* _LISTED ENTRIES_

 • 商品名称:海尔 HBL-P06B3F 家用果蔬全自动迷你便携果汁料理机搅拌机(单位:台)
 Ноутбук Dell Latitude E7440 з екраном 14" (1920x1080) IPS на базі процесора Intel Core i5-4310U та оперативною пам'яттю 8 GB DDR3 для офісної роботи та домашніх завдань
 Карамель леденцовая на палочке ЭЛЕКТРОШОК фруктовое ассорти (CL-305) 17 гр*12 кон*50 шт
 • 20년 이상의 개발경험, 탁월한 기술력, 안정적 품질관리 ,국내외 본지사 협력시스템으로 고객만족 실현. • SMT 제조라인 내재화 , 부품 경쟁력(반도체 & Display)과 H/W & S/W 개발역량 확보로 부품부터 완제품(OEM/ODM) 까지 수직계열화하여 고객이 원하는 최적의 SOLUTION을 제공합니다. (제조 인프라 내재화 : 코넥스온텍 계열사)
==
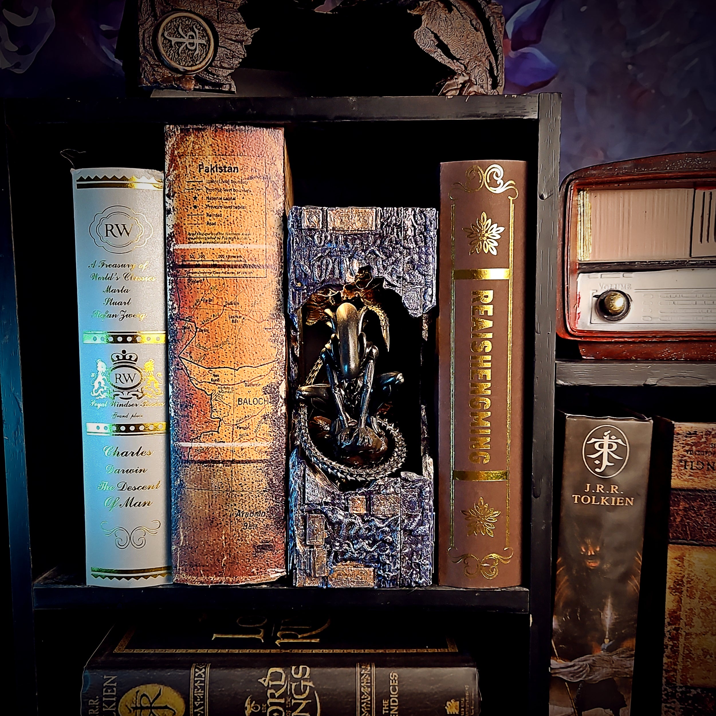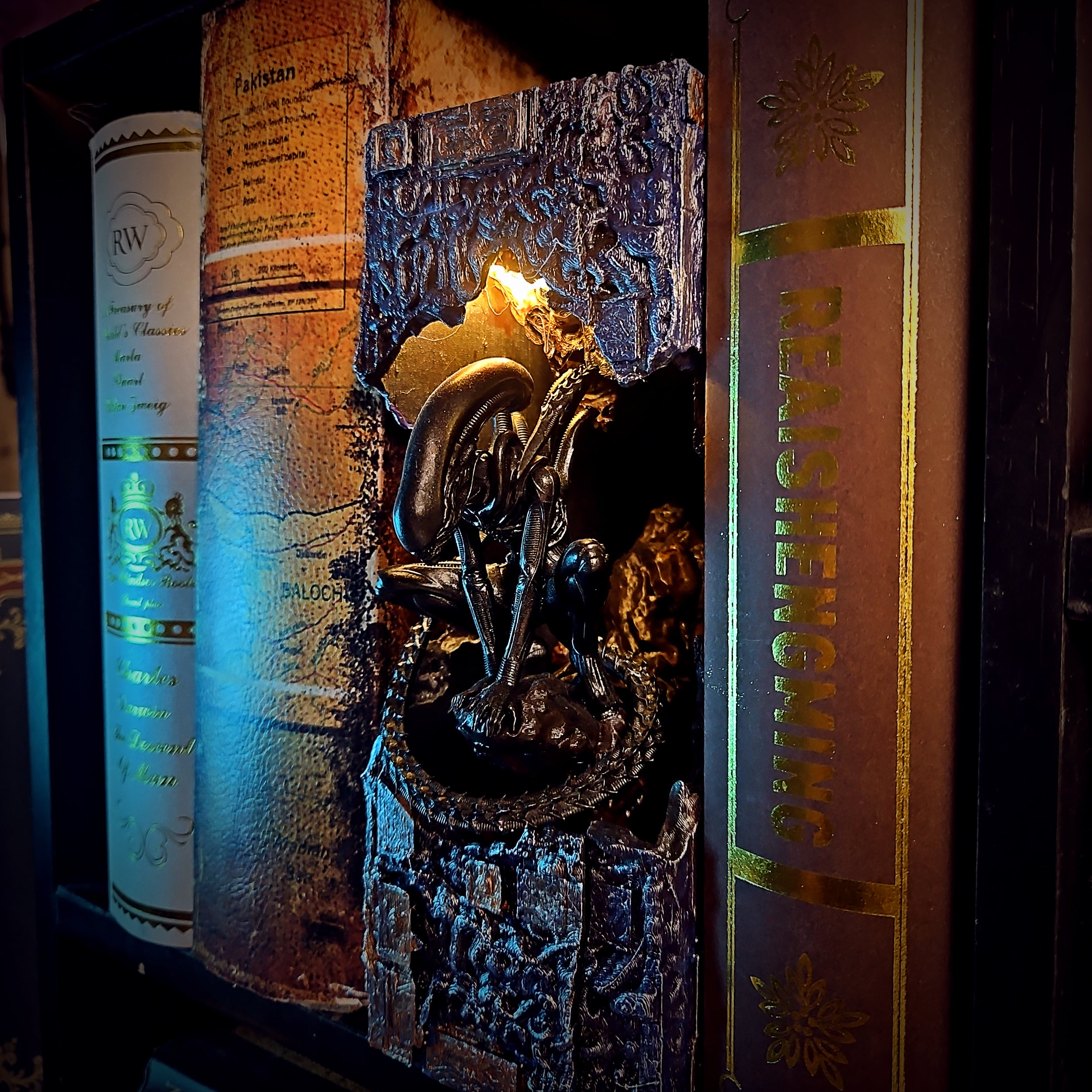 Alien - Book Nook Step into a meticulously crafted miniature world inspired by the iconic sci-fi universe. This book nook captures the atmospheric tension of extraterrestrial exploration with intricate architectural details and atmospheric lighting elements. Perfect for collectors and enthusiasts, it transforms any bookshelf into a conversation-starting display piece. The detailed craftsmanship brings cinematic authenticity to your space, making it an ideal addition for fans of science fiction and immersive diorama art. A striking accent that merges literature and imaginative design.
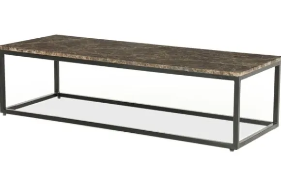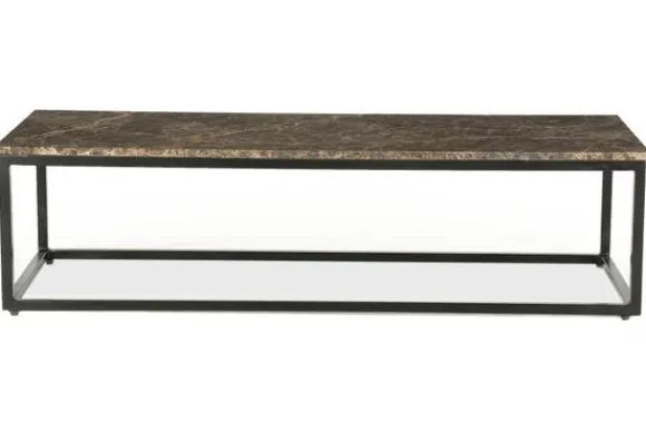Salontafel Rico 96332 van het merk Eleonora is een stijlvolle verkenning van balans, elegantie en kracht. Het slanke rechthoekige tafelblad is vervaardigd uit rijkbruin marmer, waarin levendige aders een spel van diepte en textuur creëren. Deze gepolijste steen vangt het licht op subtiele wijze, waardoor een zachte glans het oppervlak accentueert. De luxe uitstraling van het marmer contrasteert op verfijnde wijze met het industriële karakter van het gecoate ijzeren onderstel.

* _ASSIGNMENT_
Only the lines above starting at the one containing "商品名称:海尔 HBL-P06B3F 家用果蔬全自动迷你便携果汁料理机搅拌机(单位:台)" and ending at the one containing "내재화 : 코넥스온텍 계열사)", both included, are to be returned, exactly as they read.

* _RESULT FOR THIS TASK_
 • 商品名称:海尔 HBL-P06B3F 家用果蔬全自动迷你便携果汁料理机搅拌机(单位:台)
 Ноутбук Dell Latitude E7440 з екраном 14" (1920x1080) IPS на базі процесора Intel Core i5-4310U та оперативною пам'яттю 8 GB DDR3 для офісної роботи та домашніх завдань
 Карамель леденцовая на палочке ЭЛЕКТРОШОК фруктовое ассорти (CL-305) 17 гр*12 кон*50 шт
 • 20년 이상의 개발경험, 탁월한 기술력, 안정적 품질관리 ,국내외 본지사 협력시스템으로 고객만족 실현. • SMT 제조라인 내재화 , 부품 경쟁력(반도체 & Display)과 H/W & S/W 개발역량 확보로 부품부터 완제품(OEM/ODM) 까지 수직계열화하여 고객이 원하는 최적의 SOLUTION을 제공합니다. (제조 인프라 내재화 : 코넥스온텍 계열사)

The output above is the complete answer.